The Sheikh and the Runaway Princess(Desert Rogues, Book 4)(51) by Susan Mallery
He crossed to the window and stared out at the desert. “I’ve always thought the city a most beautiful place,” he said conversationally. “How much of the story do you know?”
“Some of it. Cala told me what happened but only you and she know the details. I doubt anyone knows the entire truth.”
“I suspect you are correct.”
He nodded. There was much gray in his hair and lines by his eyes, but he didn’t appear to be an old man. There was still an air of vitality about him. Did Cala find the king attractive? Sabrina thought she might.
He turned away from the window and walked to the far end of the room where an ancient tapestry showed several women being gifted to the king of El Bahar.
“That was a long time ago,” he said.
For a second Sabrina thought he meant the tapestry. “Yes, it was.”
He kept his attention on the tiny stitches. “Choices had to be made. Difficult choices. Ones that no man should have to make. Is he very angry with me?”
She ached for his pain. “You’ll need to discuss that with him,” she murmured.
“I shall.” He glanced at her over his shoulder. “But your lack of answer gives me the information I need. Kardal is very angry. I can’t blame him. From his perspective, I abandoned him. He was never acknowledged. I had no place in his life. There were reasons, but do they matter?”
“No,” she said before she could stop herself. “Children don’t care about reasons. They only know the results of actions. When a parent isn’t there, or makes it clear the child isn’t important, then the child is hurt and feels betrayed.”
He walked toward her, studying her. Sabrina kept her chin high and her shoulders square, but her manifestation of pride didn’t erase the fact that Givon knew her life story. He would know that she wasn’t just speaking about Kardal.
When he was standing in front of her, he took one of her hands. “I was a fool. Partly because I was hurt when Cala demanded that I never contact her or her child again, and partly because it was easier. I could suffer silently when I was alone, and no one else had to know. If I had acknowledged Kardal, questions would have been asked. Questions that I did not want to answer.”
He squeezed her fingers, then released them. “Expediency is never the answer. I should never have promised Cala. Or having promised, I should have broken my word. Kardal was more important than both of us.”
Sabrina followed him to the sofa and settled next to him. “King Givon, it’s not too late. Seeing the truth is the first step in making it right.”
“This can never be right.”
“Perhaps, but it can be better than it is now.” She leaned toward him. “Why did you come if not to make peace with the past?”
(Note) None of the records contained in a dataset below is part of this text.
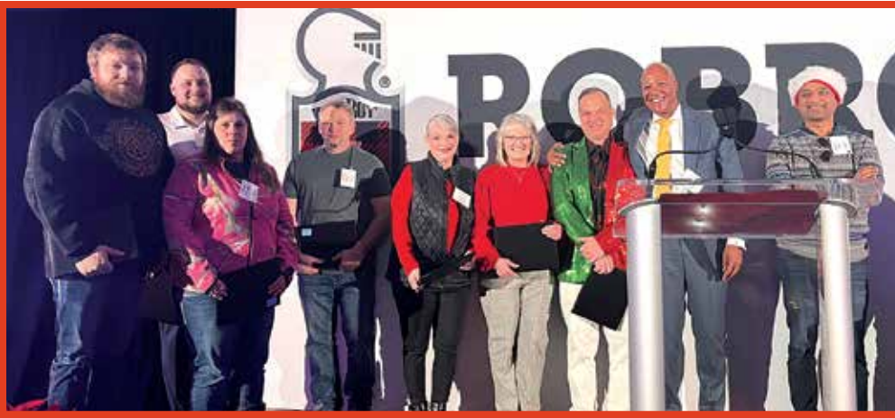
2 Year Service Award recognition.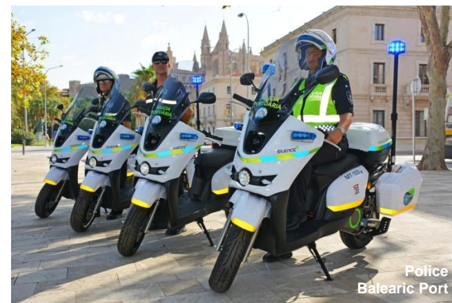
Police Balearic Port

*Prices without VAT and excluding transport costs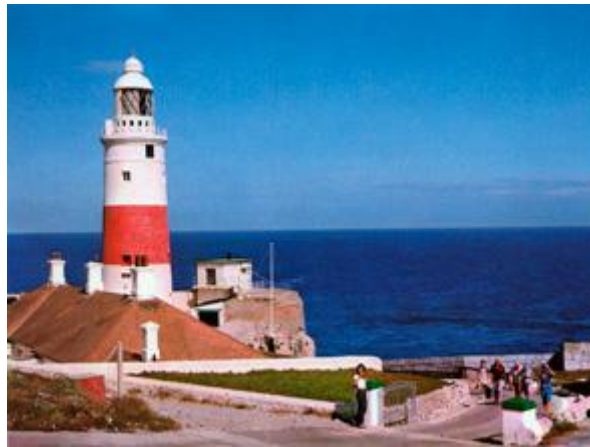
Europa Point lighthouse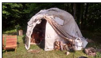
Lenni Lenape wigwam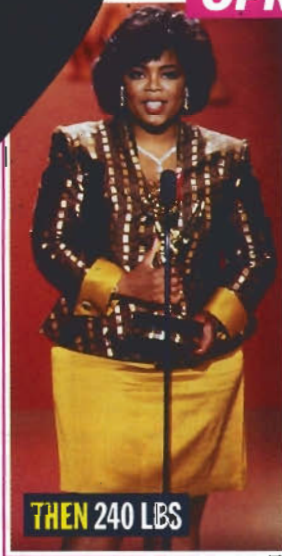
THEN 240 LBS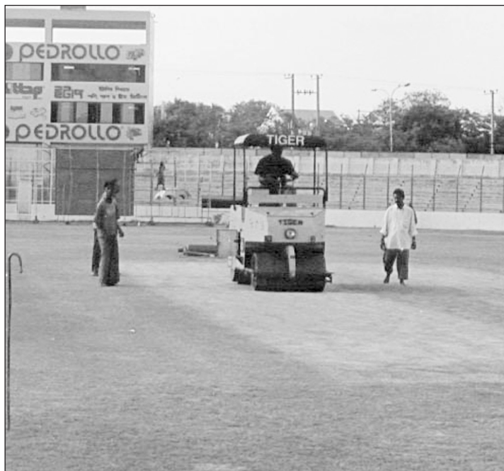
(L) Groundsmen roll the pitch as they are putting final touches to the MA Aziz Stadium yesterday. The first Test between South Africa and Bangladesh starts here tomorrow. (R) Bangladesh cricketers play football during a practice session at the venue.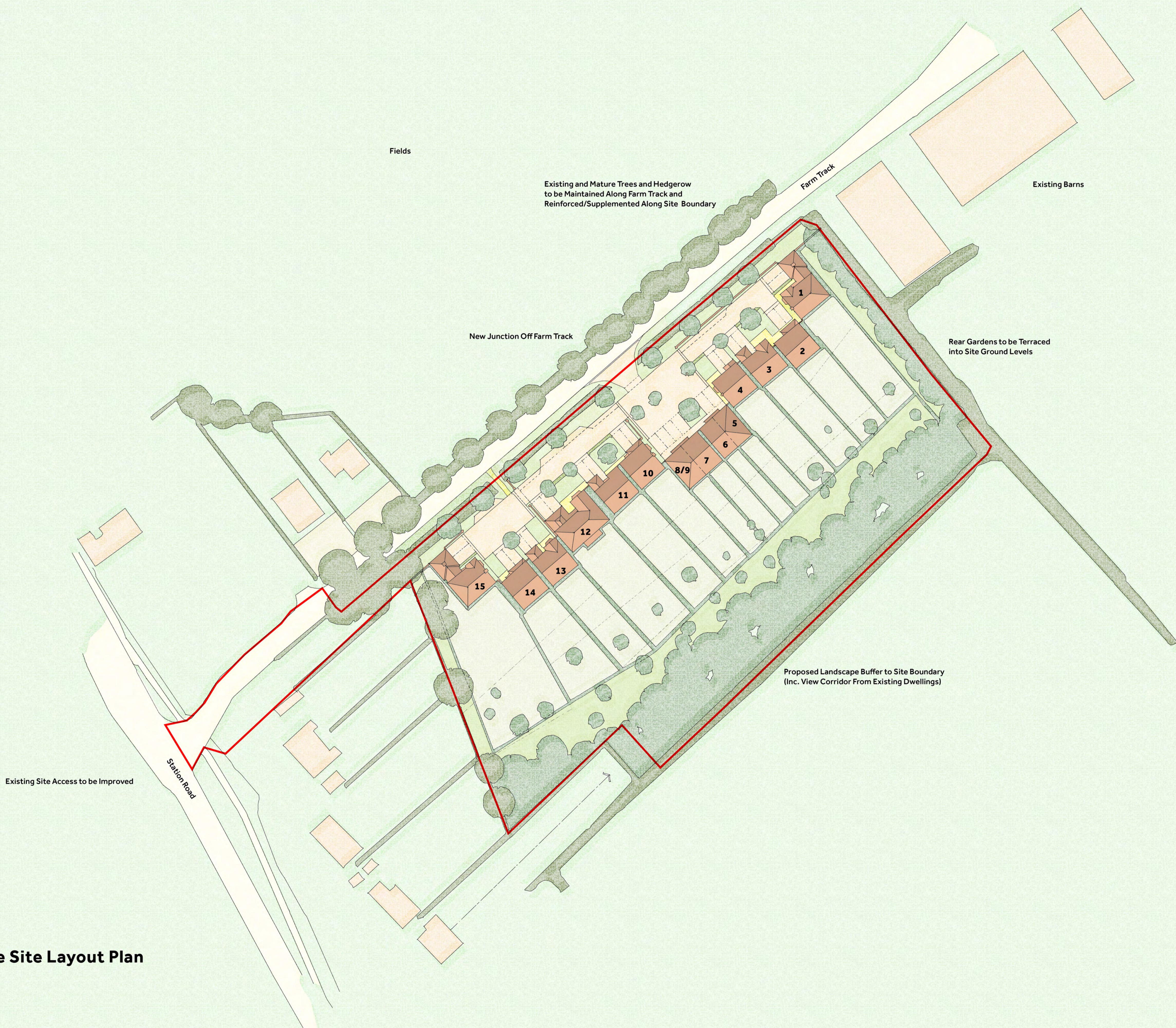
Illustrative Site Layout Plan 1:500 at A1

He was silent for a long time. “I came because I could no longer stay away. The pain of being without was too great. I wanted to know if there was a second chance.” He shrugged slightly. “Perhaps with both of them.”
Was it possible that after all this time they would rekindle their romance? Sabrina felt pleased at the thought.
King Givon smiled. “You think I am too old?”
“No. I think things are going to be very interesting around here.”
“Kardal will not approve.”
“Perhaps not at first,” she admitted. “But I don’t think it’s going to be his decision. His mother can be just as determined.”
“Tell me about Kardal. What is he like?”
She drew in a breath. “Obviously the best thing would be for you to get to know him yourself. But until that happens, I can tell you that he is a wonderful man. You’ll be proud of him.”
Givon shook his head. “I have no right to pride. I had no part in forming the man he has become. Is he a good leader? Do his people respect him?”
“Yes to both. He does not shy away from difficult decisions. He is strong, yet fair. You know about the joint air force with Bahania?”
“Yes. El Bahar will be a part of that as well. We will contribute financially as well as having airfields out in the desert.” He touched her slave bracelets. “I suspect you and Kardal met under most unusual circumstances.”
She laughed, then told him about getting stranded in the desert. “He brought me here, so I have found the City of Thieves after all.”
“You have not known him very long, yet you seem to understand him.”
“I try. In some ways we make each other crazy, but in other ways we get along perfectly.”
King Givon’s expression turned knowing. Sabrina shifted uncomfortably. “It’s not what you think,” she said, refusing to remember the kisses they had shared. “We’re friends. There’s not all that much royalty running around so we understand each other.”
“Does he know what he has in you? Does he know what is in your heart?”
Heat flared on her cheeks, but she refused to be embarrassed. “I assure you, there’s nothing to know.”
“Ah. So you have not yet admitted the truth even to yourself.”
“There’s nothing to admit.”
And even if there was, she thought to herself, and there wasn’t, it all meant nothing. Because no matter what she might dream about, reality was very different. Her destiny lay elsewhere, and not here with the Prince of Thieves.
Sabrina did not return to her own quarters after leaving King Givon in his. She had too much to think about. Too much to consider.